> _Task prompt_:
The line holding "Figure 1: Protest" is the last one to output; start at the first line of the data, keep every line in between exactly, and leave out pictures.

+ + + + +

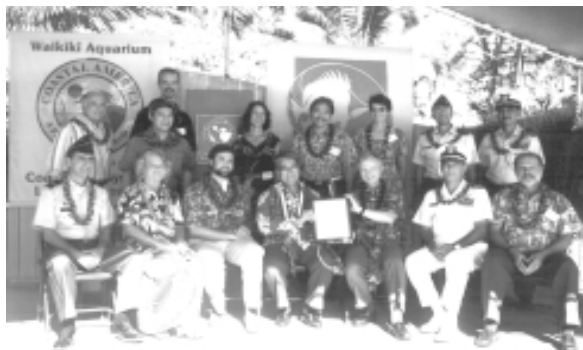
Waikiki Aquarium Designation

On March 17, 2000 the Waikiki Aquarium joined the network of aquariums and marine museums designated as Coastal America Coastal Ecosystem Learning Centers (CELC). The honor, held by only ten other facilities in the U.S., brings with it a partnership with the federal agencies of Coastal America. The Waikiki Aquarium is the first CELC in the Pacific Islands Region, which comprises Hawaii, American Samoa, Guam, and the Commonwealth of the Northern Marianas Islands.
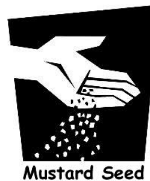
The Parable of the Mustard Seed Mark 4:30-34
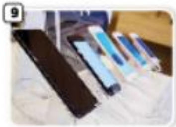
9 phone shop
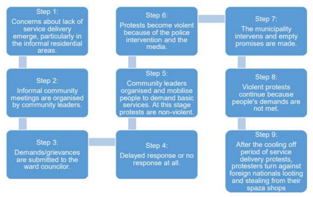
Figure 1: Protest development in Township communities

Hough (2008) argues that poverty in certain areas can lead to the development of RD (xenophobic attacks). Magwaza (2018) suggests that violent protests often reveal the violence that is associated with foreign nationals from a socio-economic and psychological standpoint. According to Duffy (2000, cited in Mathonsi, 2017), some districts in England are deprived, marginalized, and socially excluded. Residents in these areas often feel that public services do not meet their needs, which can lead to frustration. This frustration can occur when these areas receive poor services, such as inadequate healthcare, education, and police services. Duffy (2000) adds that municipalities should prioritize the delivery of services to these communities, as residents in these areas cannot afford private services. Duffy also highlights that the needs of people in these deprived areas are often not met with high-quality
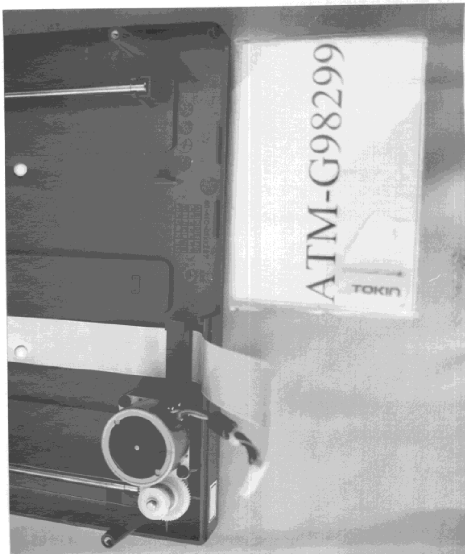
Figure 8 Internal View (Motor View)
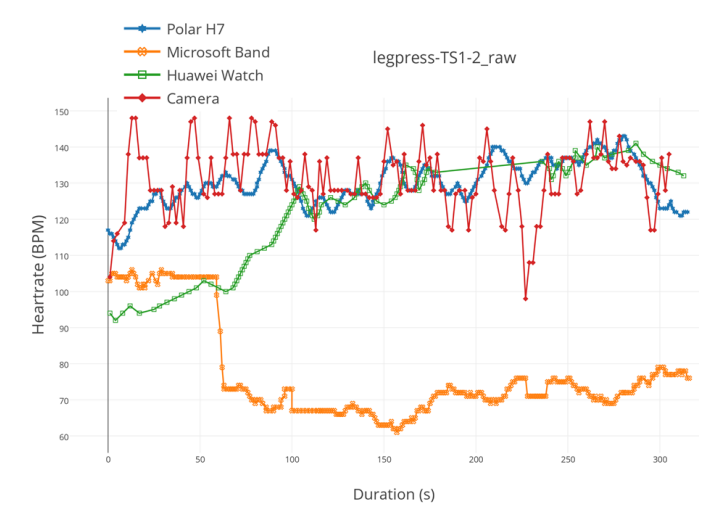
Figure 2. Heart rate measured during leg press.

Figure 1, 2, 3, and 4 show the heart rate measurements obtained with the four devices for four different exercises, respectively Stair Master, Leg Press, Dumbbell Curl, and Long Walking. All exercises are performed in a fitness room by two persons with similar results. The results of one person
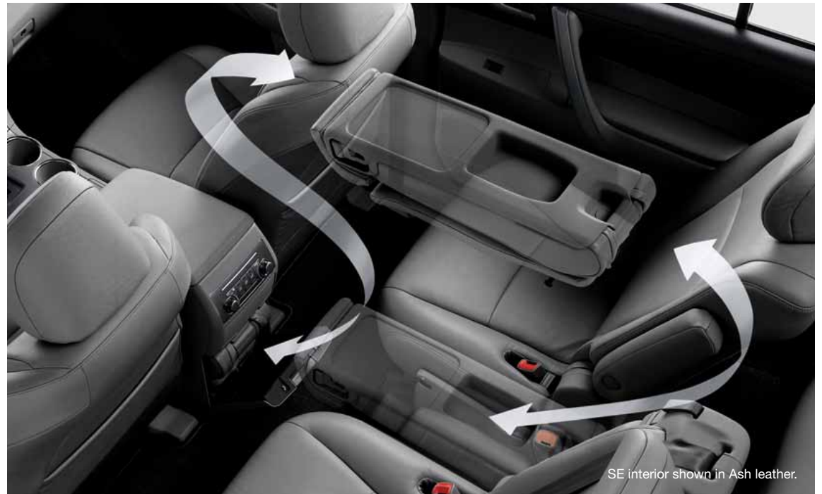
SE interior shown in Ash leather.

This innovative feature adds to Highlander's incredible versatility . Beneath the center console, there's a Center Stow™ seat that you can pull out, lock in place between the second-row captain's chairs and fold open. Remove it, and you've made a walk-through to the third row. Or replace it with the Center Stow™ console to hold drinks and smaller items.
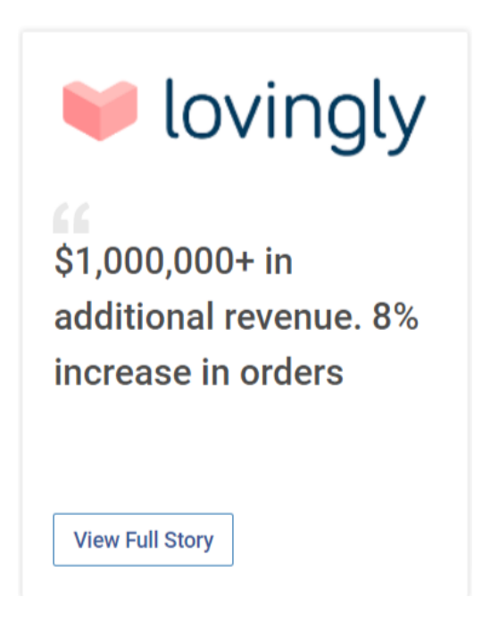
See All Case Studies
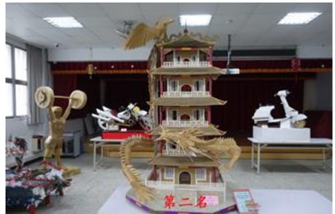
The second place.
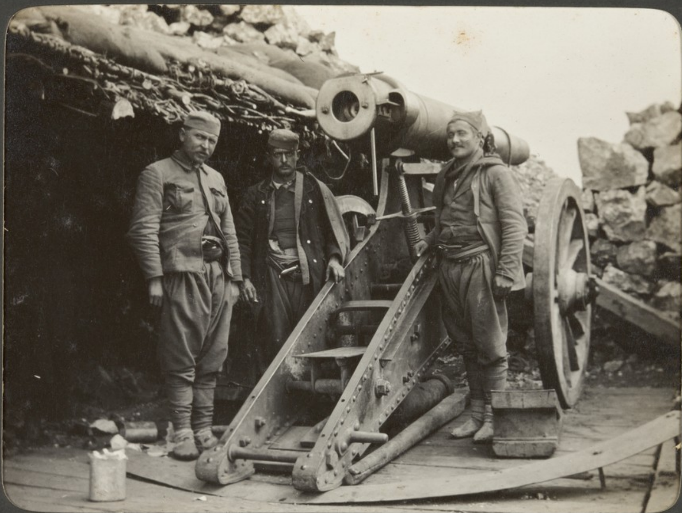
1" Russian gun

+ + + + +

> _Task result_:
Waikiki Aquarium Designation

On March 17, 2000 the Waikiki Aquarium joined the network of aquariums and marine museums designated as Coastal America Coastal Ecosystem Learning Centers (CELC). The honor, held by only ten other facilities in the U.S., brings with it a partnership with the federal agencies of Coastal America. The Waikiki Aquarium is the first CELC in the Pacific Islands Region, which comprises Hawaii, American Samoa, Guam, and the Commonwealth of the Northern Marianas Islands.
The Parable of the Mustard Seed Mark 4:30-34
9 phone shop
Figure 1: Protest development in Township communities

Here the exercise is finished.